| TASK PROMPT |
In the entries below, repeat only the lines between those holding "3月3日,软件ETF(159" and "中間休みは、みんな遊びのドッジボールで元気よく体を動かせていました。", inclusive. Leave pictures out.
--- START ---
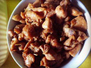 整鸡腿去骨,切大块,放碗中,加葱姜蒜碎、花雕、生抽、少量陈醋、辅料中的各种粉,盐适量,糖,淀粉抓均匀,上图还没加淀粉,腌制半小时以上
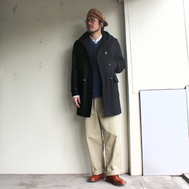 生地にはライトメルトンを使用したやや軽めの着心地ですが、目の詰まったウールなのでしっかり真冬でも暖かく着られます。
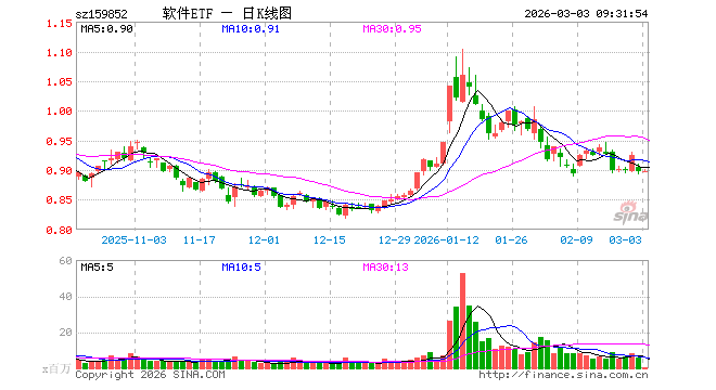 3月3日,软件ETF(159852)开盘涨0.00%,报0.897元。软件ETF(159852)重仓股方面,科大讯飞开盘涨0.50%,金山办公涨0.03%,同花顺涨0.19%,指南针涨0.01%,恒生电子跌0.03%,拓维信息涨0.95%,润和软件涨0.20%,三六零涨0.50%,软通动力跌0.08%。
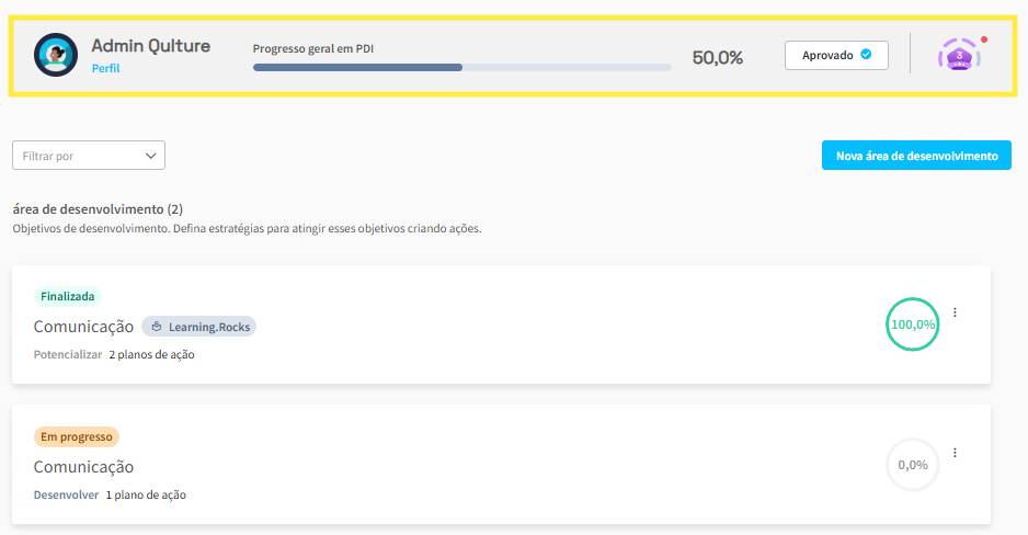 A cada plano de ação concluído, o status da área de desenvolvimento é automaticamente alterado, demonstrando o avanço que o colaborador teve. Esse progresso também é refletido no Progresso geral do PDI que vemos na aba ‘Meu desenvolvimento’. Dessa forma, é possível ter uma visão mais precisa de como o colaborador está caminhando em torno de seu plano de desenvolvimento.
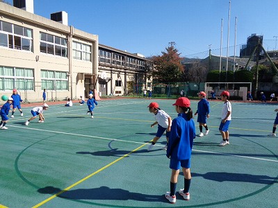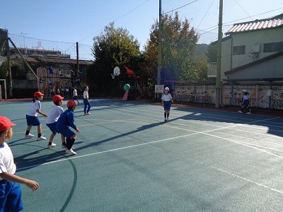 中間休みは、みんな遊びのドッジボールで元気よく体を動かせていました。
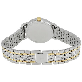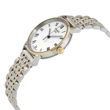 Stainless steel case with a two-tone (silver-tone and yellow gold PVD ) stainless steel bracelet. Fixed yellow gold PVD bezel. Silver dial with black hands and Roman numeral hour markers. Minute markers around the outer rim. Dial Type: Analog. ETA caliber 902.101 quartz movement. Scratch resistant sapphire crystal. Pull / push crown. Solid case back. Round case shape. Case size: 30 mm. Case thickness: 6.15 mm. Band width: 15 mm. Jewelry clasp. Water resistant at 30 meters / 100 feet. Functions: hour, minute, second, battery eol indicator. Casual watch style. Watch label: Swiss Made. Tissot Everytime Quartz Silver Dial Ladies Watch T109.210.22.033.00.
--- END ---
| TASK SOLUTION |
 3月3日,软件ETF(159852)开盘涨0.00%,报0.897元。软件ETF(159852)重仓股方面,科大讯飞开盘涨0.50%,金山办公涨0.03%,同花顺涨0.19%,指南针涨0.01%,恒生电子跌0.03%,拓维信息涨0.95%,润和软件涨0.20%,三六零涨0.50%,软通动力跌0.08%。
 A cada plano de ação concluído, o status da área de desenvolvimento é automaticamente alterado, demonstrando o avanço que o colaborador teve. Esse progresso também é refletido no Progresso geral do PDI que vemos na aba ‘Meu desenvolvimento’. Dessa forma, é possível ter uma visão mais precisa de como o colaborador está caminhando em torno de seu plano de desenvolvimento.
 中間休みは、みんな遊びのドッジボールで元気よく体を動かせていました。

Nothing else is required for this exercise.